速度は低いもののDEFも魔法防御も高い。
俺のAT140のようにとがった物が無いけれどATも魔法攻撃もそれなりに高い両刀型。
つまりつけこめるような弱点が無い。これは苦しい展開になりそうだ。
互いに睨み合う2人、そして──。
「では、行かせてもらうぞ」
ハイドが俺に向かって突っ込んでくる。俺も負けずに間合いを詰める。
俺が攻めればハイドが守る。ハイドが攻めれば俺が守る。
接近戦、互角の戦いが繰り広げられる。
(こいつ、なんてパワーだ──)
パワーも強烈、だが遠距離ではハイドの方が力は上。逆に接近戦では俺の方が上、逃げていてはこちらが不利になる
だから苦しくても逃げるわけにはいかない。
しかし接近戦も強すぎる。テクニックや技術的な面もそうだがあのパワーは明らかにおかしい。
何か強化でもしているのか──。
そう考えているとルシフェルが何かに気付いたのかハイドの後方、民家の壁に向かって叫ぶ。
「隠れてないで出てきなさい。卑怯だと思わないの」
すると壁際に黒い物体が現れ始める。
漆黒に光っていて顔くらいのサイズで宙に浮いている。こんな物体、俺は見たことない。
「こいつは闇の力をつかさどっている闇の精霊「ヒュドラ」よ」
「恐らくこいつがハイドに魔力を供給しているのよ」
なるほどな、こいつがハイドに闇の力を供給していたのか。だから数値に対して魔力が強いと感じたのか。

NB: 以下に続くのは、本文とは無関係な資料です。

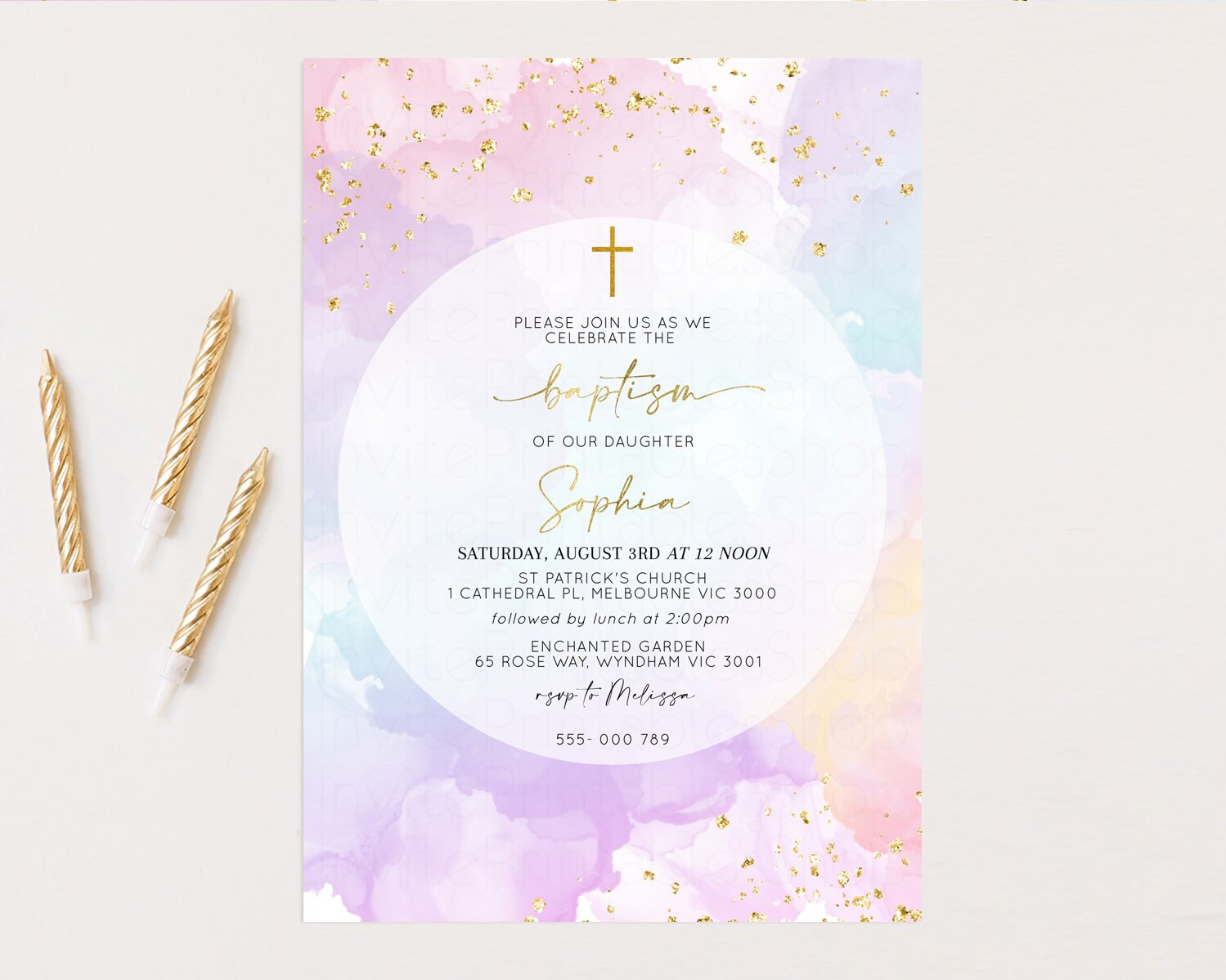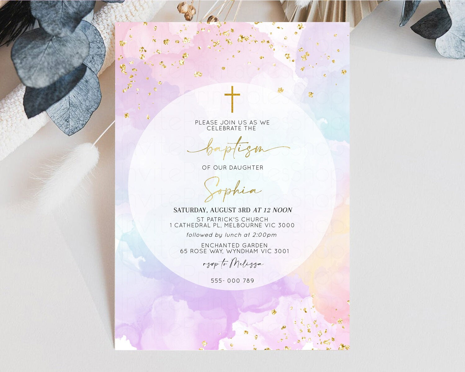 Rainbow Baptism Invitation Pastel Christening Invitation Holy Communion Invitation Glitter Watercolor Splash Invitation Colorful 599v1

しかし厄介な相手だ。これでは実質的な種族値はハイドの方が上ということだ。
「フン。ヒュドラを見破るとは、腐っても元魔王ということか」
だが自分より強い相手とだって俺は戦って来た、そして勝って来た。今回も同じことを繰り返せばいいだけの事。
俺はハイドを威嚇するように睨むと反撃の準備をする。すると──。
「やっぱり、見ていられない!!」
横で見ていたルシフェルが足をがくがくとさせながら立ちあがる。無理だ、あれだけ消耗したのに──。
「やめろルシフェル、後は俺が──」
「あなたと一緒よ、あなたが必死になって戦っているのに、私は見ているだけなんて嫌だもの!!」
ルシフェルが俺の言葉を遮り精一杯の声で叫ぶ。声のトーンからもとても感情的になっているのが分かる。
「……わかったよ。だが絶対に無茶はするなよ──」
ルシフェルは何も言わず黙って首を縦に振る。
あの状態じゃあ俺が何を言っても聞かないだろう、だからルシフェルの好きにさせた方がいい。
そして2人でハイドをにらみつける。
すると「ヒュドラ」が強く漆黒に光り始める。するとハイドから発している魔力が一気に強くなった。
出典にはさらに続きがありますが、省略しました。